Я пожала плечами, мне-то казалось, я в полном самообладании пью себе чай и болтаю с ней обо всём на свете. Но она хотела говорить со мной о книге, которую я написала и в которой упрекала таких матерей, как моя, в том, что они навязывают дочерям своё представление о свободе, не имея никаких идей и никаких подсказок для её осуществления. Рената приняла этот укор на свой счёт; и правильно, хотя я и не думала о ней, когда писала.
– Ни одному поколению не удалось избежать, – ответила я, – обвинений в чём-нибудь от следующего поколения.
– Ну тогда желаю тебе удачи с твоими собственными детьми, – сказала она, и я кивнула:
– Спасибо. Постараюсь получить удовольствие.
Я люблю, чтобы последнее слово оставалось за мной. Но Рената тоже любит.

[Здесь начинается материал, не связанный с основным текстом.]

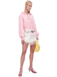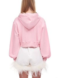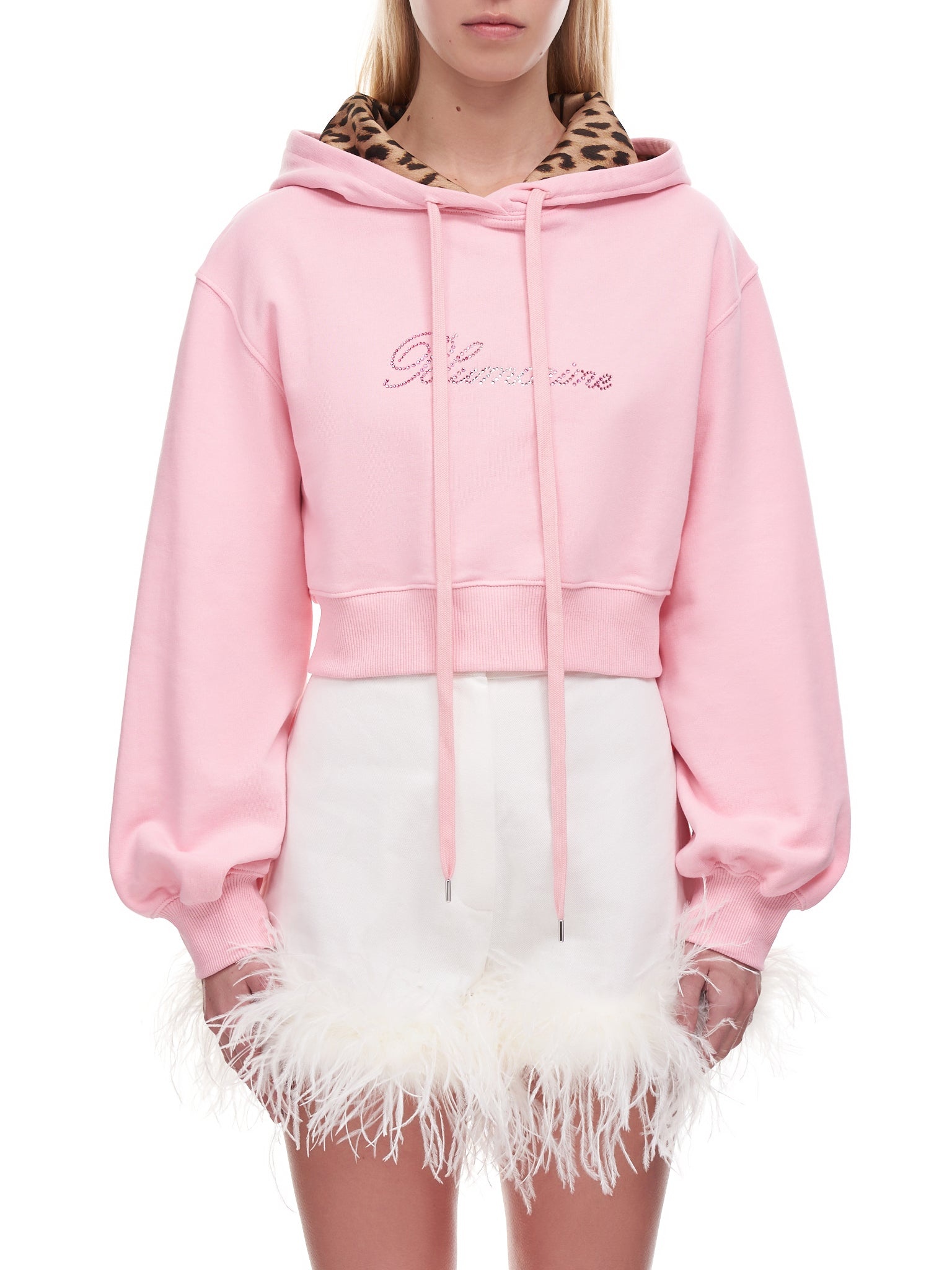 Blumarine sweatshirt in pink, attached hood with adjustable drawstring, long sleeves, rhinestone applique text center chest, ribbed hem and cuffs, kangaroo pocket. Made in Italy. Composition: (Main) 100% Cotton, (Lining) 100% Polyester. Standard XS-L Sizing. Model Measurements: Model is 5ft 9” and wearing a size XS. Bust: 29” Waist: 22” Hip: 33"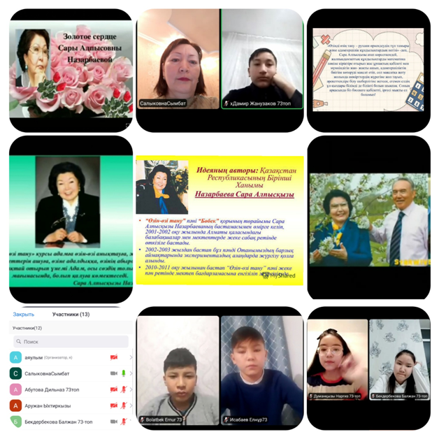 «Мейірім төгетін ана" атты бейнеролик көрсетілді. Мақсаты: «Өзін-өзі тану» адамгершілік-рухани білім беру бағдарламасының авторы Сара Алпысқызы Назарбаева өмір жолы , жалпы адамзаттық рухани құндылықтарға бастайтын қайырымдылық іс шаралары, еліміздегі қ адамгершілік-рухани білім беруінің дамуына қосқан өлшеусіз үлесі туралы таныстыру. Жасөспірімдерді мейірімділікке тәрбиелеу, өзара түсіністік пен сыйластықты сақтау деген қағиданы түсіндіру.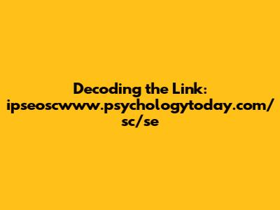 Now, let's focus on our specific link: ipseoscwww.psychologytoday.com/sc/se. We already know that "www.psychologytoday.com" is the domain name, indicating that the link leads to the Psychology Today website. Psychology Today is a well-known and respected source of information on psychology, mental health, and relationships. It publishes articles written by psychologists, therapists, and other experts in the field, covering a wide range of topics. The "/sc/se" part of the link is the path, which specifies the location of the specific resource on the website. In this case, "/sc/se" likely refers to a specific section or category within Psychology Today. Without further context, it's difficult to say exactly what "sc" and "se" stand for. However, based on the content of Psychology Today, we can make some educated guesses. It's possible that "sc" refers to a specific subject category, such as "self-care" or "social cognition". The "se" part could then refer to a subcategory or a specific article within that category. To find out for sure, we would need to visit the link and explore the content it leads to. But even without knowing the exact meaning of "sc" and "se", we can still infer that the link likely leads to a specific resource related to psychology or mental health on the Psychology Today website. Isn't it fascinating how much information can be gleaned from a simple string of characters?

– На здоровье. – И это особое выражение лица: плохо скрытое всезнайство, притворная доброжелательность.
Я тоже владею этим выражением лица, оно передаётся от матерей к дочерям, как и неизжитые мечты, да: это выражение рассказывает об их мечтах, тогда как рот язвительно поджат. Губы кривятся, подбородок приподнят. Рената большая мастерица так смотреть. Но и я тоже.
Уже теперь и Беа начинает осваивать это, и у меня не хватает выдержки усугублять этот поединок, по мне лучше разъяриться, выговориться, обо всём написать и плюнуть Ренате в чай, чтоб она знала, что такое по-настоящему злиться.
– А ты помнишь, какой у нас дома был пол? – спросила я.
– Нет. А что?
– Он был ужасный. И совсем не нормальный! Но мне пришлось доходить до этого самой, вы же никогда с нами не разговаривали.
– Да разговаривали мы с вами, с утра до вечера, не притворяйся.
– Но не про полы и не про то, как к ним приходят.
Рената подняла брови и смотрела на меня насмешливо. Это она тоже умеет: внушить чувство, что ты не в своём уме.
Это она делала и раньше, когда приходила к моей матери в гости, а я была дома и что-нибудь рассказывала: про школу, про друзей, про несправедливость мира. И тогда Рената поднимала брови и ставила под сомнение мои высказывания, стараясь вселить в меня неуверенность, указывала мне на те аспекты, которые я упустила. И я тушевалась, вместо того чтобы использовать её возражения для тренировки в дискуссии.
Но теперь всё иначе, теперь я держусь стойко. И я говорю ей, что убеждена теперь: моя мать тоже находила эти полы ужасными, но принимала их как данность, как то, что она могла себе позволить, да ещё и говорила, что она к ним не имеет никакого отношения. И в этом обманывала себя, потому что этот пол с тех пор так и прирос к ней. Ну хорошо, возможно, я преувеличиваю. Но для меня мать остаётся женщиной, которая стоит на этом полу.
Брови Ренаты так и замерли поднятыми.
– Ну как ты не понимаешь? – Я начала злиться. – Мне надо было знать, чего она по-настоящему хочет, как прийти к тому, что считалось бы нормой и что могло послужить альтернативой – и почему она не воспользовалась ею!
– И какое отношение это имело к тебе?
– Полное! Я же, в конце концов, стояла на этом полу.
Рената отрицательно помотала головой и заказала ещё чаю. И пошла в туалет, явно не желая об этом говорить. Но ей придётся, ведь моя мать уже не сможет. Она умерла раньше, чем я поняла, о чём непременно должна расспросить её и в каком месте присверливаться и допытываться, почему молчание было намеренным, а вовсе не было упущением, как я узнаю́ теперь от Ренаты. Ни одна из них – ни Рената, ни моя мать – не хотела обременять своих детей старыми историями и анекдотами, тем более такими, где речь шла о нехватке альтернатив, о плохих предпосылках и о меньшем из двух зол.
– Вы должны были оставаться свободными и идти своим путём.
– Да, – съязвила я. – Совершенно необременёнными.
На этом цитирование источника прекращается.